TASK DETAILS. Begin at the top of the entries below and write out every line through the one containing "beautiful gate tower", excluding pictures.

Source data.
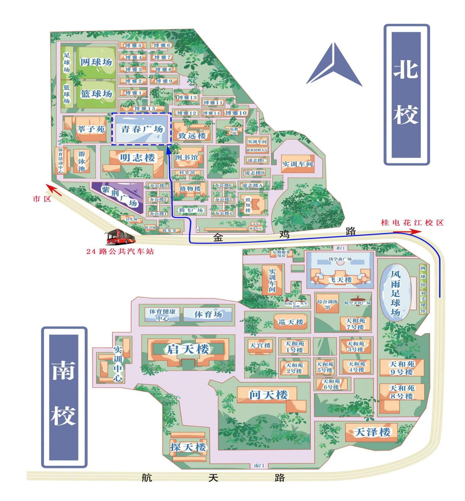 (二)可分别从桂林市金鸡路2号、航天路进入北校区。
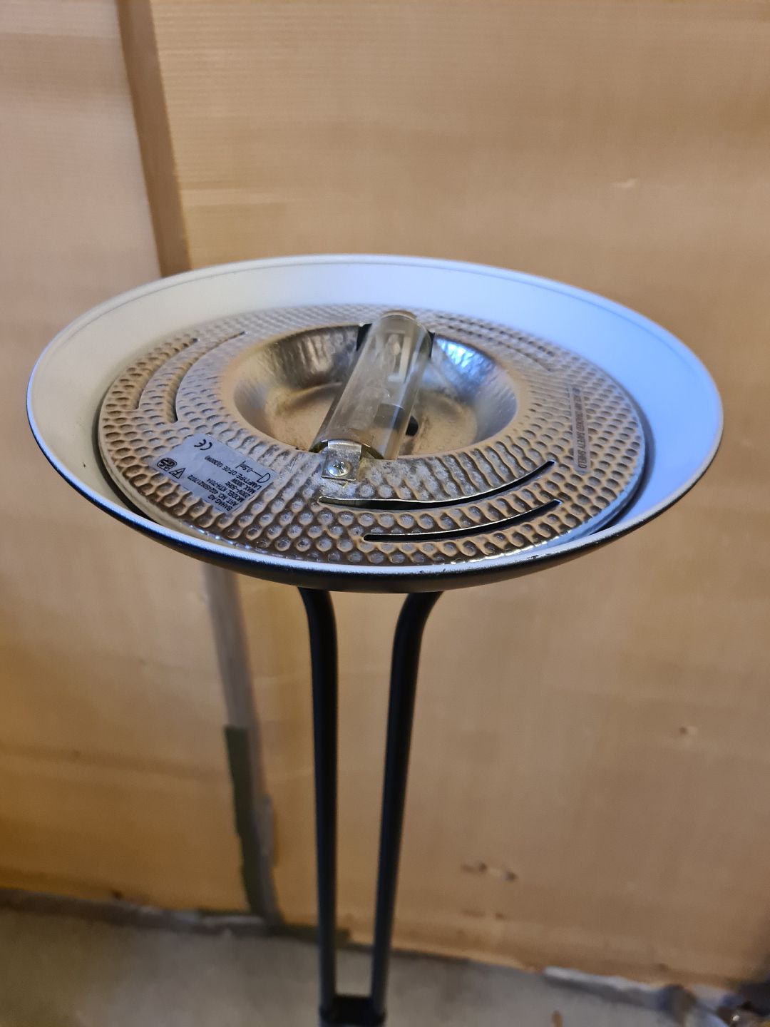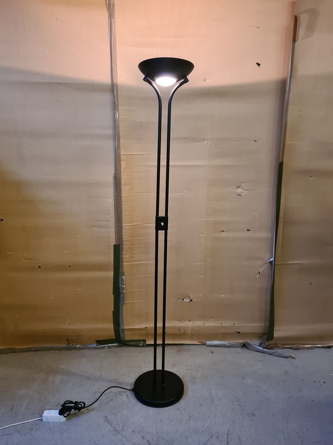 Malet standerlampe i metal, fra 2000erne. Den har små brugsspor. Højde 183cm Diameter på fod 31cm Emne nummer: 75934
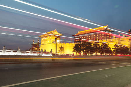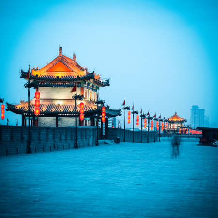beautiful gate tower on ancient city wall at dusk in xian,China
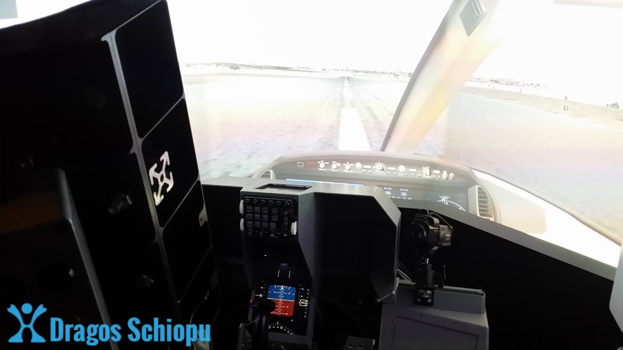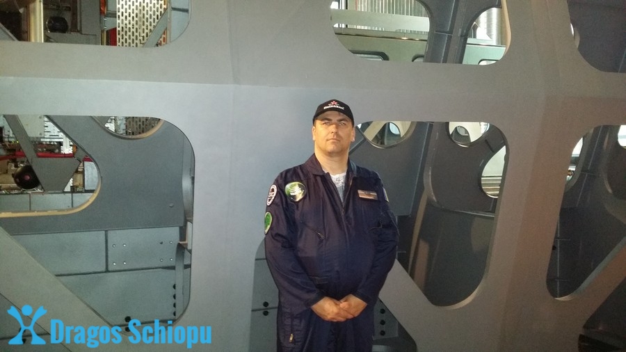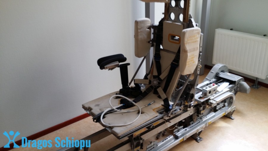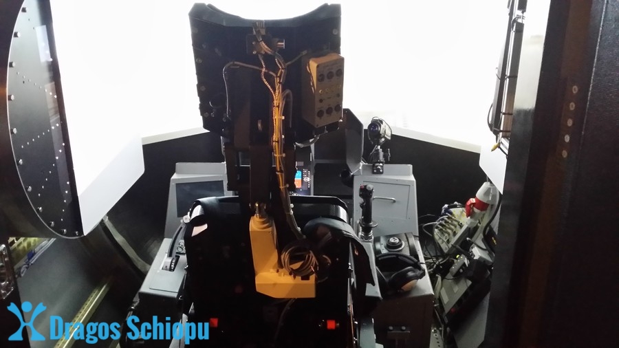 Dupa pauza de masa, a urmat una din cele mai tari experiente pe care le poti avea in aceasta viata. O sa vedeti in curand filmarea cu mine in simulator. Nu stiu ce as putea sa va povestesc despre „dihania” cu care m-am jucat astazi, pentru ca nu prea imi gasesc usor cuvintele. Sa simti o forta de 3G timp de 20 de secunde nu se compara cu niciun roller coaster din lume. Sunt roller coaster-e care ating 5-6 G forta pentru 2-3 secunde. Dar pentru a rezista 20 de secunde, ai nevoie de putin training care sa te invete ce trebuie sa faci in astfel de situatii.
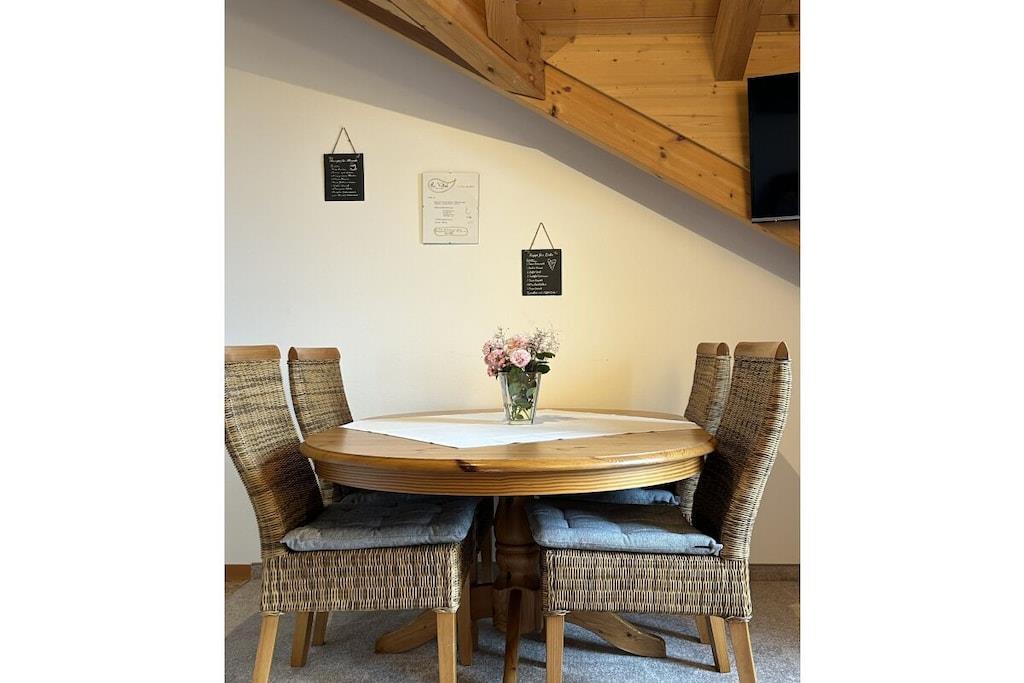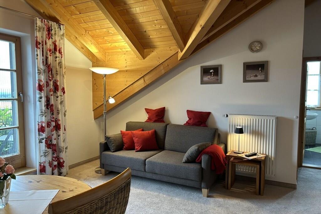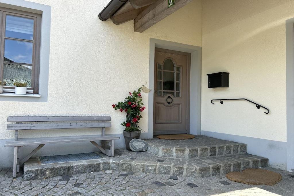 Den 48 kvadratmeter store ferielejlighed er komfortabelt møbleret og tilbyder plads til op til fire personer. Den har to separate soveværelser, et badeværelse og en opholdsstue med et veludstyret køkken. Fra din sydvendte balkon har du en generøs panoramaudsigt over Alpernes forbjerge og Alpekæden, der strækker sig fra Salzburg-regionen gennem Chiemgau-bjergene til det bayerske Oberland. Legetøj og en stor legeplads er også til rådighed for de yngre gæster. En smuk have med hyggelige steder og liggestole samt en grill og forskellige steder til socialt samvær venter dig. Som en særlig bonus tilbyder jeg kosmetiske og wellnessbehandlinger på stedet. Jeg arbejder med mærkerne "Gertraud Gruber" og "von Lupin".
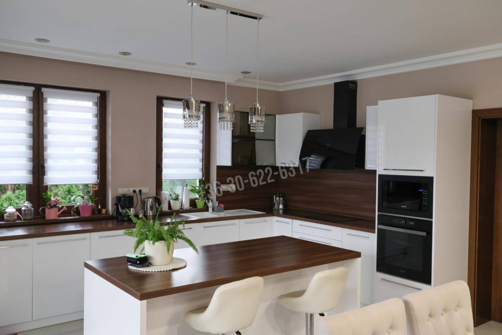 A gépesített, magasfényű konyha központi szigettel, prémium beépített készülékekkel és kristálylámpákkal a gasztronómia szerelmeseinek álma.
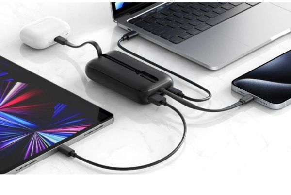 Vestavěné kabely USB-C a Lightning poskytují maximální flexibilitu a pohodlí, což umožňuje nabíjet zařízení se systémem Android i iOS bez nutnosti nosit další příslušenství. K dispozici je také port USB-A s výkonem až 22,5 W pro nabíjení dalších zařízení.
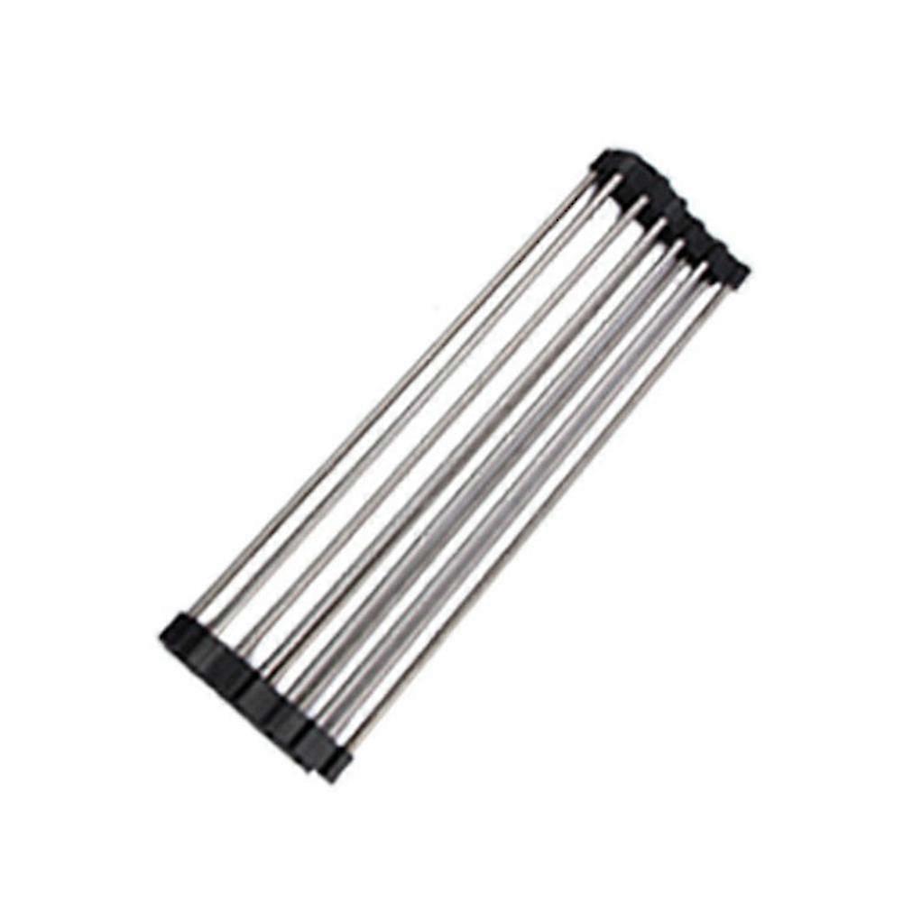 MULTIFUNCTIONAL - The roll up dish drying storage rack holder can be used not only for drying kitchen utensils but also be a colander, a preparation desk put over the sink or a trivet for hot bowls to put on. For water drain and storage purposes.HIGH QUALITY - Made of Stainless steel + TPE which guarantees its long life and makes the rack organizer durable and non-slip.HEAT-RESISTANT - The TPE cover end roller sink mat dish dryer rack is thermal resistant and can be used as a trivet matt on the countertop for hot pots and pans.EASY IN USE - folding, multi purpose, stainless steel drying counter is easily to clean and is rust resistant which let you wash the mat in a dishwasher.Colour: blackMaterial: stainless steel + TPESize: (18 tubes) 47 x 35cmPackage Contents:1 x drain rackOnly the above package content, other products are not included.Note: Light shooting and different displays may cause the color of the item in the picture a little different from the real thing. The measurement allowed error is +/- 1-3cm.
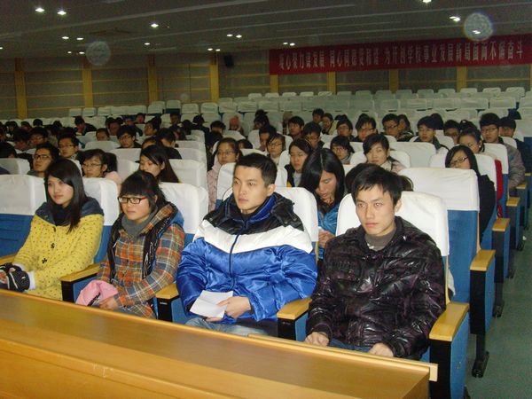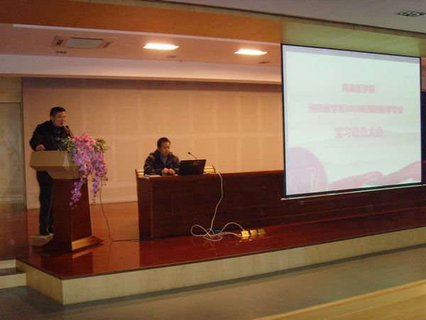 2012年12月17日,预防医学系在图书馆三楼学术报告厅召开了2009级实习动员大会。预防医学系党总支书记朱丹、主任姚应水、副主任文育锋、辅导员陈雪娟及2009级全体同学参加了大会。

EXERCISE OUTPUT.
 (二)可分别从桂林市金鸡路2号、航天路进入北校区。
 Malet standerlampe i metal, fra 2000erne. Den har små brugsspor. Højde 183cm Diameter på fod 31cm Emne nummer: 75934
beautiful gate tower on ancient city wall at dusk in xian,China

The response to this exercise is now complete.